Can Gaharu Be Harvested Sustainably? A Case Study from East Kalimantan, Indonesia

Academic journal article Georgia Journal of Ecological Anthropology

Can Gaharu Be Harvested Sustainably? A Case Study from East Kalimantan, Indonesia

Article excerpt

Introduction

Since the late 1980s, non-government organizations (NGOs), agricultural extension workers, and international development agencies have devoted increasingly more attention to the potential for managing and sustainably exploiting non-timber forest products (hereafter NTFPs). The underlying obejctive behind the efforts to promote NTFPs on the national and international levels was to create an alternative to the conventional exploitation of the forests (particularly in the tropics) - i.e., timber extraction and/or conversion (Prance et al. 1987; DeBeer and McDermott 1989; Panayotou and Ashton 1992; Plotkin and Famolare 1992). The gains (or positive impact) that could potentially arise from establishing the NTFPs as the main resources extracted from the forests are thought to be numerous. First, as imperative as ecological concerns are, the most important consideration relating to non-wood forest products seems to be their potential for providing greater financial benefits for local communities than extraction of timber or conversion to fulltime sedentary agriculture (Gradwohl and Greenberg 1988; Fearnside 1989; Peters et al. 1989). The second key assumption is that, in principle, the exploitadon of NTFPs will leave tree cover intact, thus providing a viable solution to the problem of deforestation. Cumulatively, it is hoped that extraction and marketing of non-woody species may provide a means to balance the concerns associated with both conservation and development in the rural areas (Schwartzman 1989;Allegretti 1990).

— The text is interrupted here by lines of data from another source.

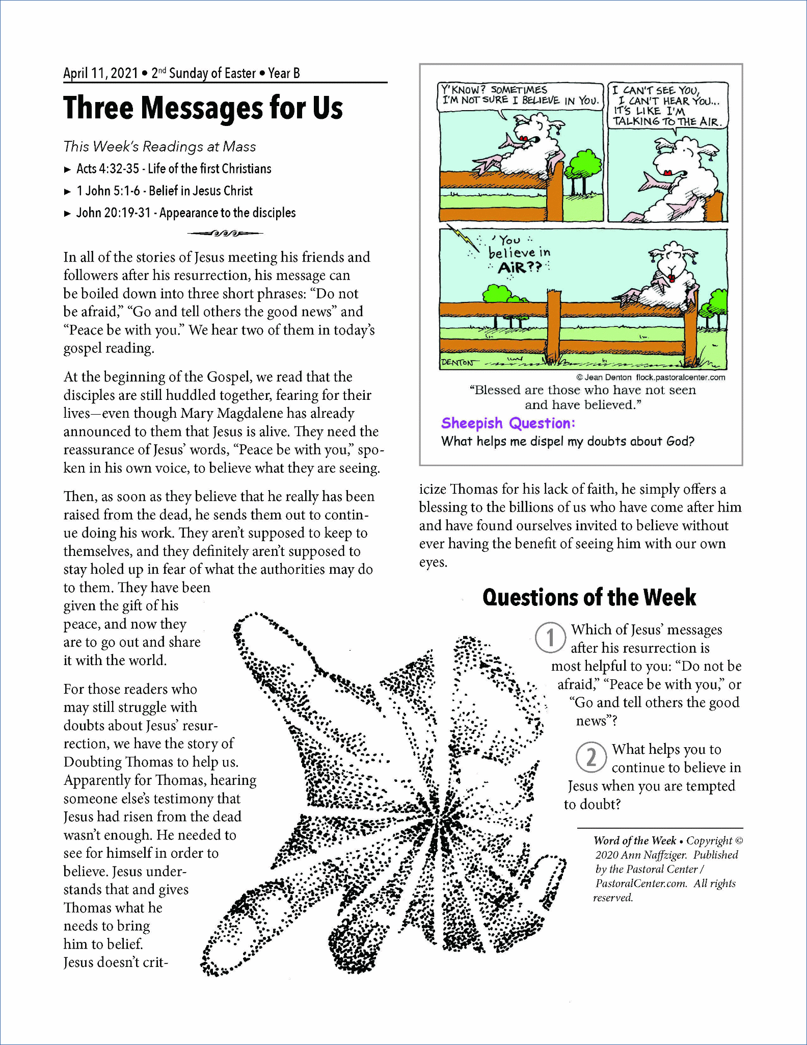 SECOND SUNDAY OF EASTER : DIVINE MERCY ~ APRIL 11, 2021
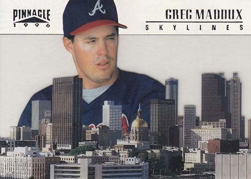 1996 Pinnacle Skylines turns stars of the day into de facto kaiju, making them into Godzilla-sized behemoths towering over the local downtown core.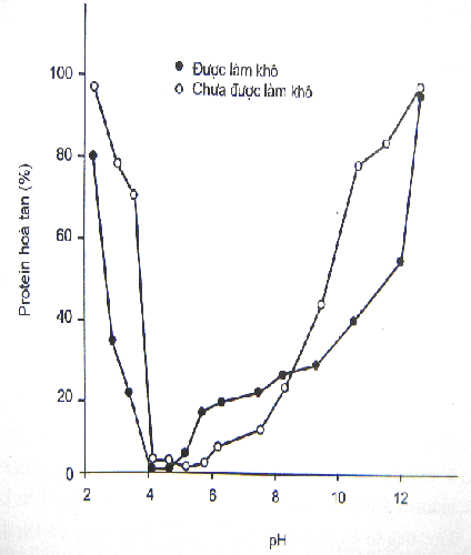 Hình 1.1. Sự hòa tan của protein tơ cơ trước và sau khi đông khô ở các giá trị pH từ 2 đến 12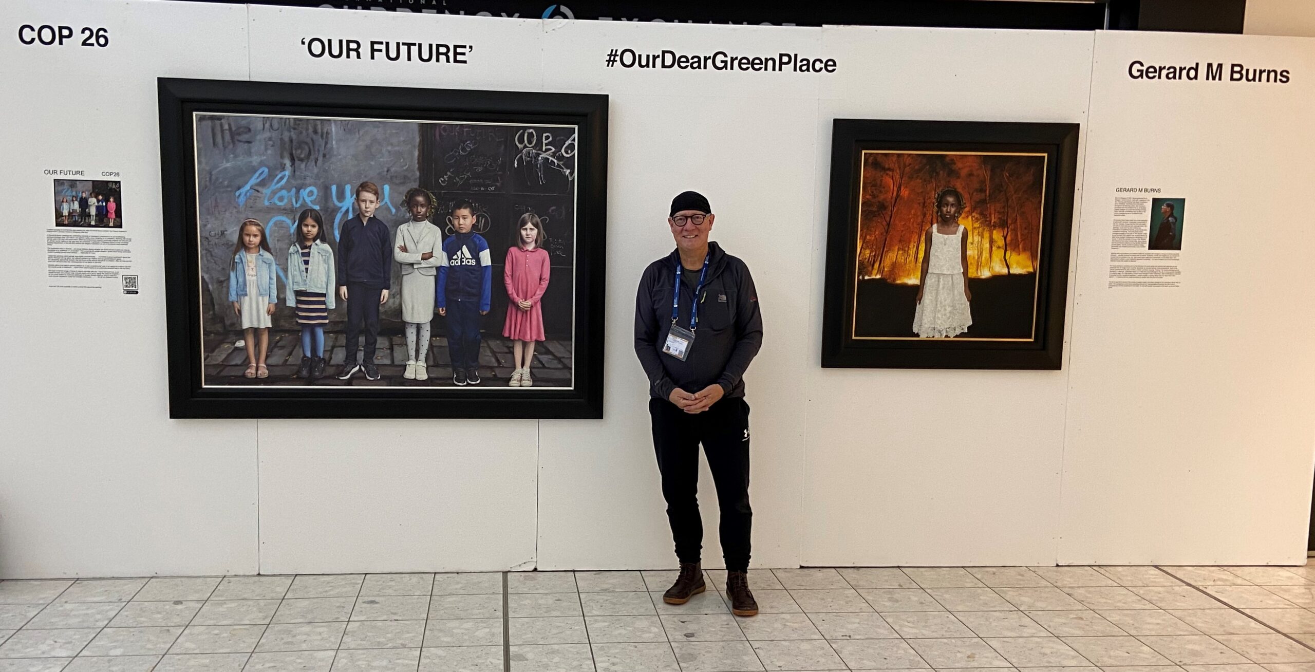Renowned Scottish artist Gerard M. Burns is displaying two pieces of work at the airport, created especially for COP26. A powerful painting entitled Our Future features six children from a primary school in Glasgow’s East End and hangs next to a second piece of work entitled All Our Fears.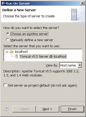 Right click on you project and choose ‘Run As’, ‘Run on server’. You might have to change some settings and include you favorite web container. In the end you should see a window that looks like this: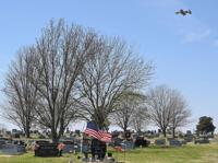 An A-10 Thunderbolt II, commonly known as a warthog, from the Whiteman Air Force Base flies over on Monday at the Knob Noster Cemetery in Knob Noster. People often gather in the cemetery to spot planes during practice operations, according to DD Smith, a long-time resident of the town.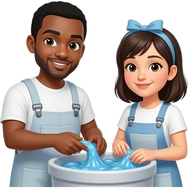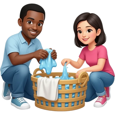 Black guy Japanese girl doing laundry emoji | AI Emoji Generator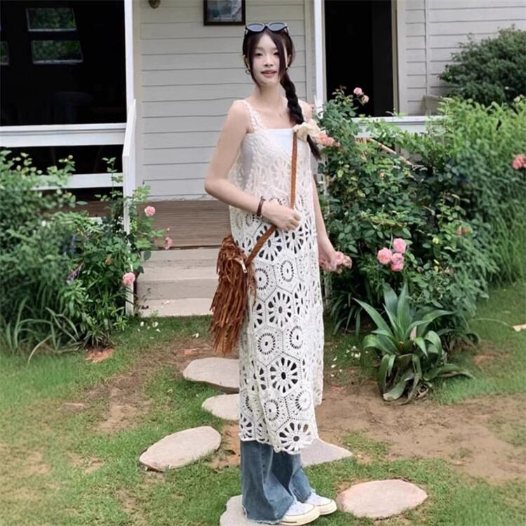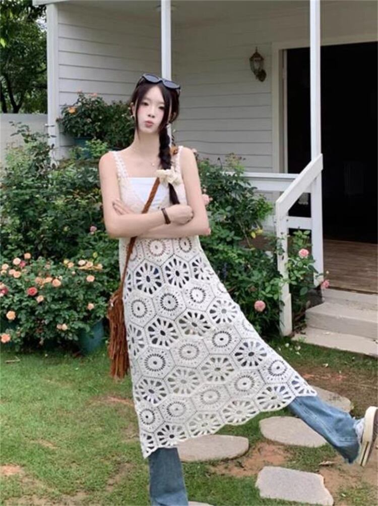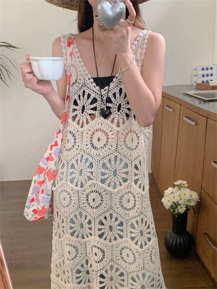 繊細なフックレースとレース編みが上品なVネックのノースリーブワンピース。ロング丈のシルエットがスタイルをすっきり伸ばし、透かし編みの素材で涼やかな着心地です。レトロな雰囲気の中に現代的なデザイン感をプラス◎オフィスやデートに差をつける一枚です。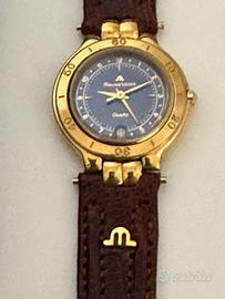 Questo è un orologio Maurice Lacroix vintage al quarzo da donna con quadrante blu, cassa placcata oro e cinturino in pelle marrone.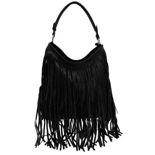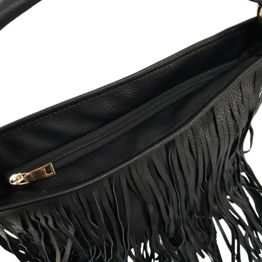 Piękny model torebki, uszyty z wysokiej jakości skóry ekologicznej z przodu efektownie ozdobiony modnymi frędzlami.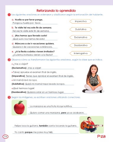 3 Según las imágenes, se escriben oraciones utilizando conectores.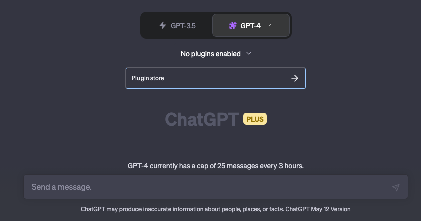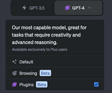GPT-4 설정에서 기본, 브라우징, 플러그인 모드를 선택할 수 있습니다.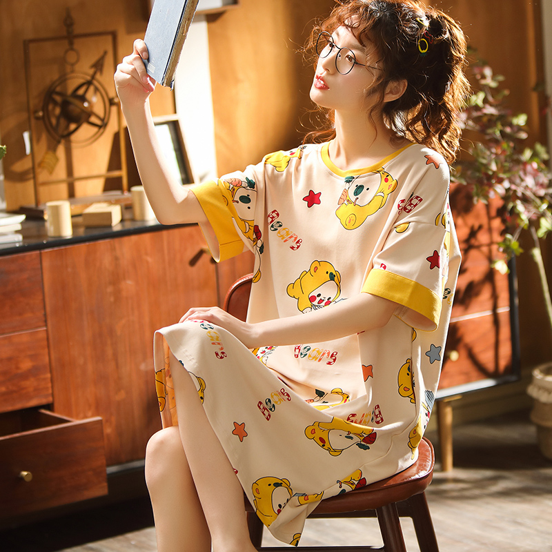 Pure Cotton Sleeping Dress Woman Summer Short Sleeve Full Cotton Pajamas Tennis Red Ins Cute Cartoon Student Home Dress Exterior Wear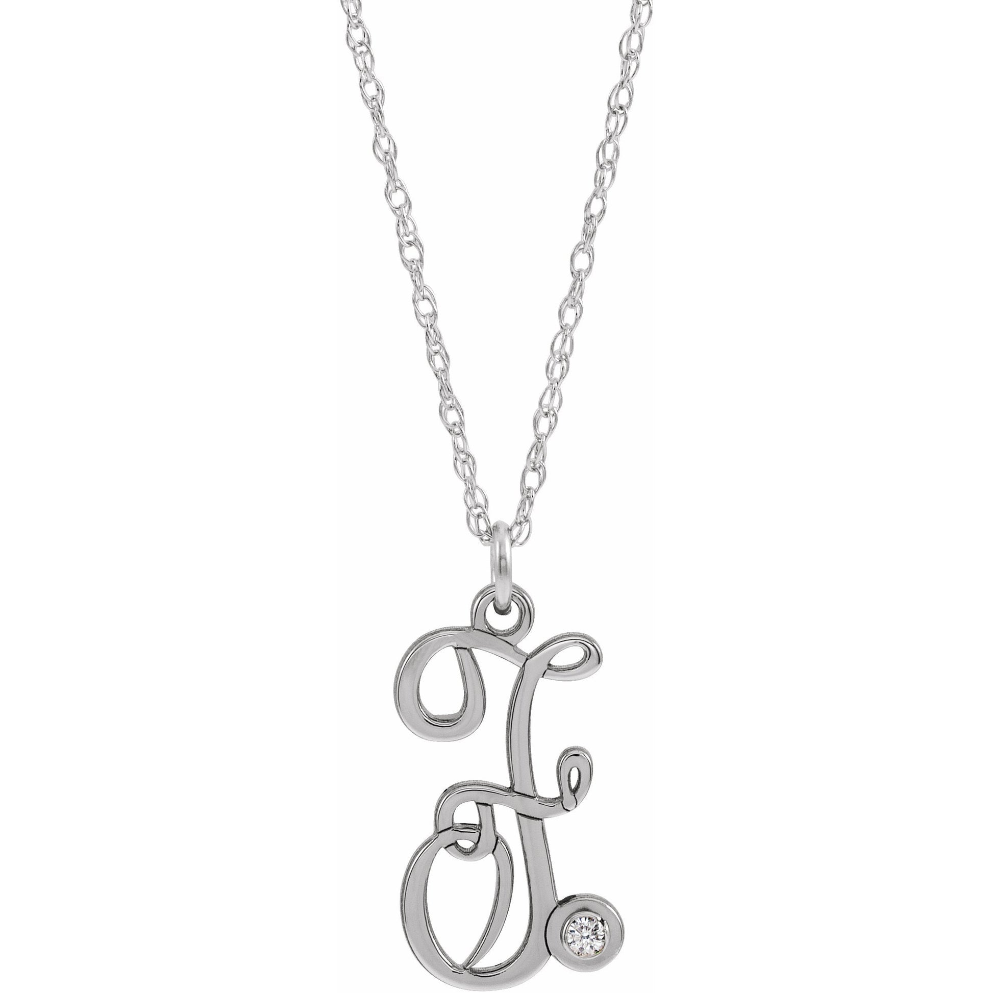 653575 / 14K White / F / 16-18 In / Polished / .02 Ct Diamond Accented Script Initial Necklace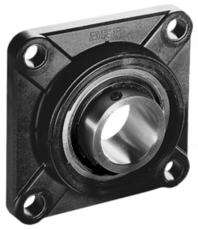 Přírubové ložiskové jednotky Y, těleso Y-TECH, čtvercová příruba, zajištění stavěcím šroubem. Plastový domeček. Ložiskové těleso.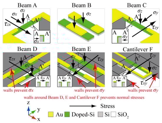 There are six groups of sensing elements on this sensor chip. Among the six groups of sensing elements, Beam A and C consist of one beam. Beam B, D, and E consist of a pair of beams. Cantilever F is a U-shaped cantilever type structure. A schematic of each sensing structure is shown in Figure 2. The 3-axis normal stresses and the 3-axis symmetrical pairs of shear stresses can be detected by embedding this structure inside the cubic silicone rubber. When stress is applied to an elastic body such as silicone rubber, the elastic body usually deforms uniformly, so the microstructure placed inside moves along the deformation, and distortion which deforms the elements, as shown in Figure 1b,c, does not occur. However, when a structure with much higher rigidity than silicone rubber is arranged inside it, the difference between the deformation between the elastic body and the rigid structure will occur a distortion at the surrounding of the rigid structure. The stresses applied to silicone rubber will be able to measure by arranging the sensing elements (such as Figure 1b,c) around the edge of the sensor chip and by measuring this distortion. Additionally, we placed silicon walls around some of the sensing elements to prevent the propagation of some of the stresses and enabled to measure the target directional component of the stress with that element. The details of relationship between the sensing elements and the stress measurement are shown in the following.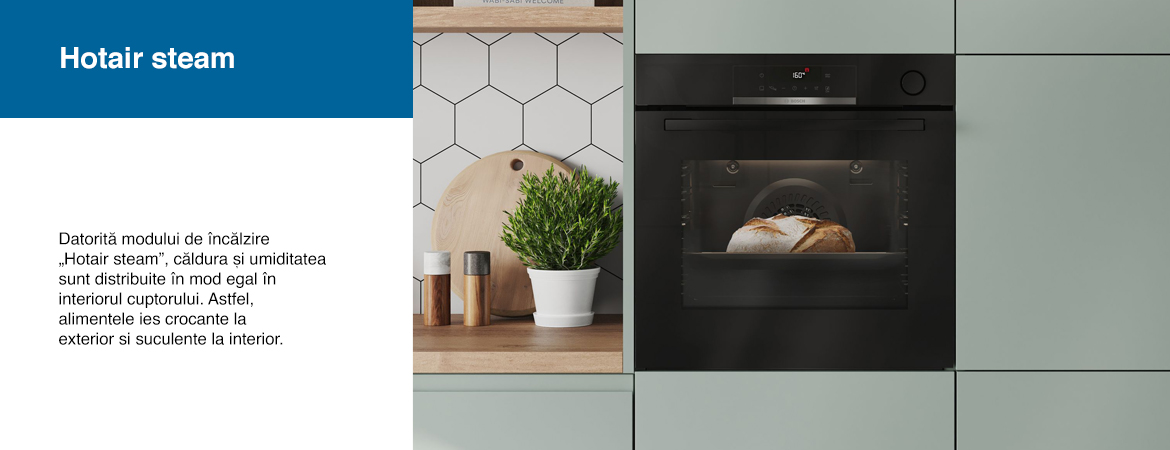 • Funcție abur suplimentar: prin adăugarea de abur la copt, preparatele devin crocante la exterior, dar rămân suculente în interior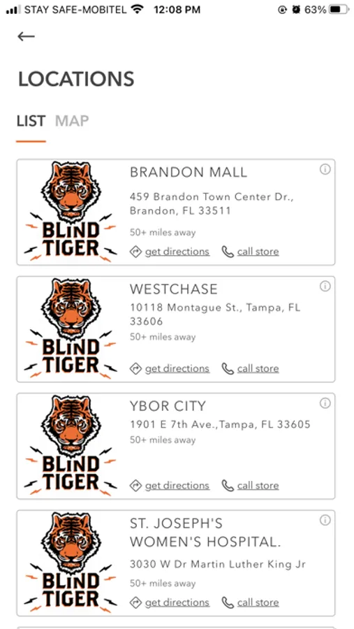 App for the Blind Tiger Coffee Roasters based out of Tampa Bay, Florida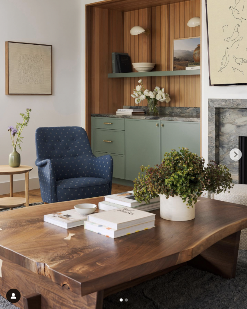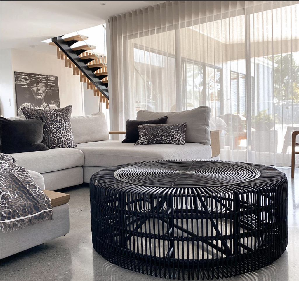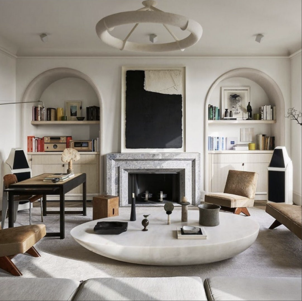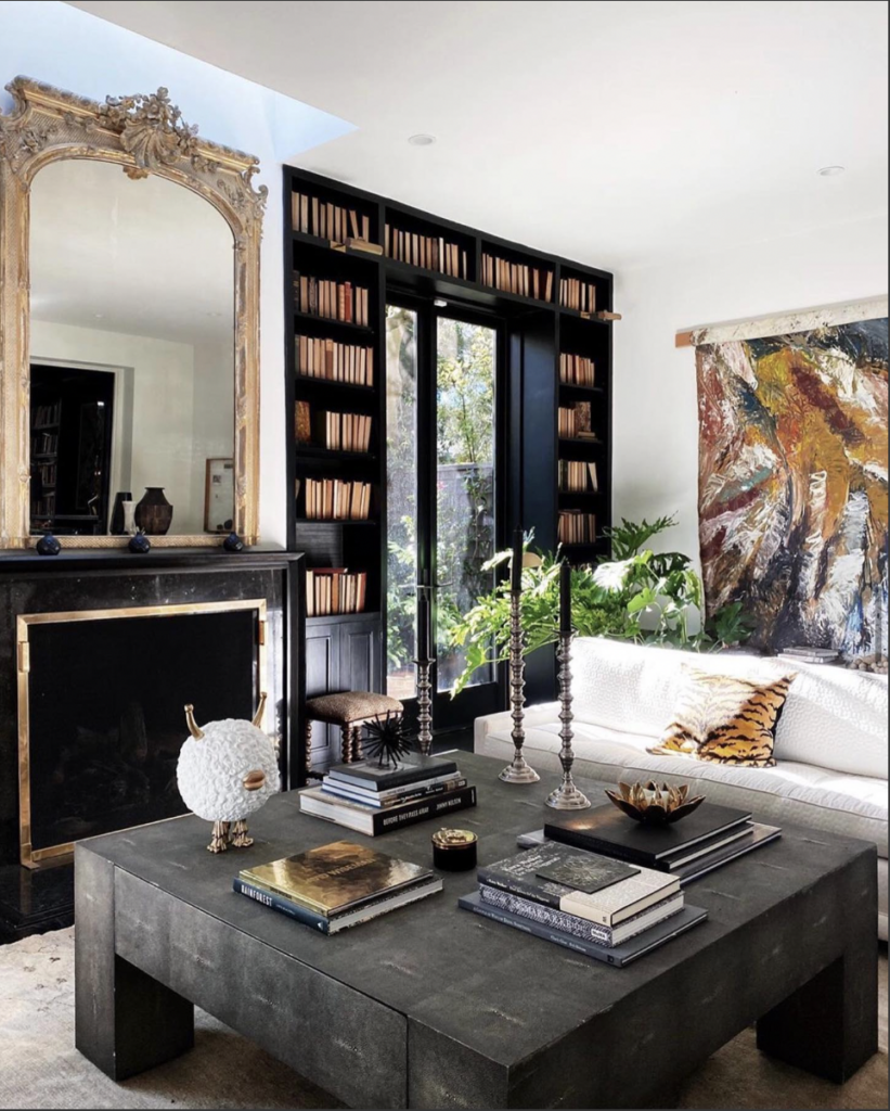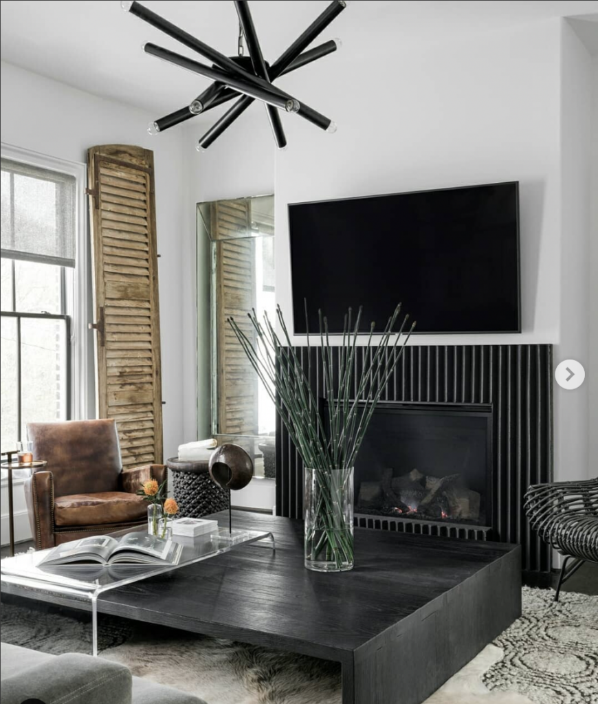 The combination of a striped black fireplace with an oversized black center table offers versatility in design. This pairing adapts well to various styles, from modern to eclectic, and complements both monochromatic and colorful interiors.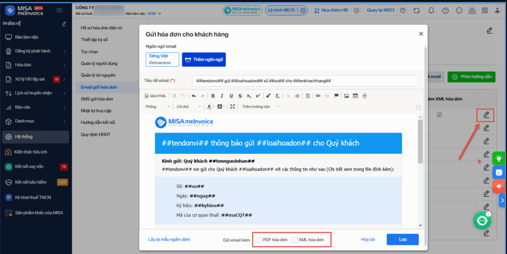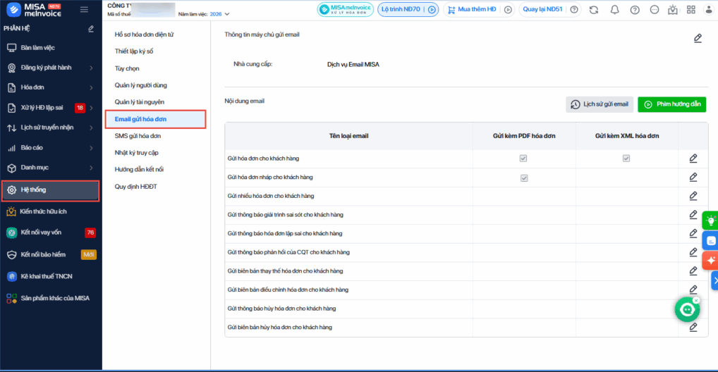 Xem chi tiết việc thực hiện thiết lập email gửi hóa đơn tại đây.

Economic and ecological studies carried out among the indigenous communities in South America (particularly in Amazonia) provided an early confirmation of the projections about the potentially high economic (marketing) value of fruit trees, saps, and latexes (Peters et al. 1989a; Peters et al. 1989b; Vasquez and Gentry 1989; Anderson and Jardim 1989). However, as the studies of the economic value of these resources became more numerous it became increasingly apparent that the estimates of the monetary incomes that indigenous collectors could obtain from NTFPs were grossly overestimated (Saw et al. 1991; Pinedo-Vasquez et al. 1990; Appasamy 1993; Chopra 1993; Godoy et al. 1993). In spite of this troubling revelation, it was assumed diat the economic success (however erratic) of certain Amazonian communities specializing in NTFPs was, however, an indication of ecological sustainability (i.e., steady income = steady supply of forest products = sustainable management of the species) (Fearnside 1989). Eventually, it became clear that economicecological compatibility was the exception rather than the rule and that rural communities exhibit a distinct tendency to over-exploit non-timber forest resources (Kahn 1988; Nepstad et al. 1992; Bodrner et. al 1993; Padoch 1988; Peluso 1992a and b).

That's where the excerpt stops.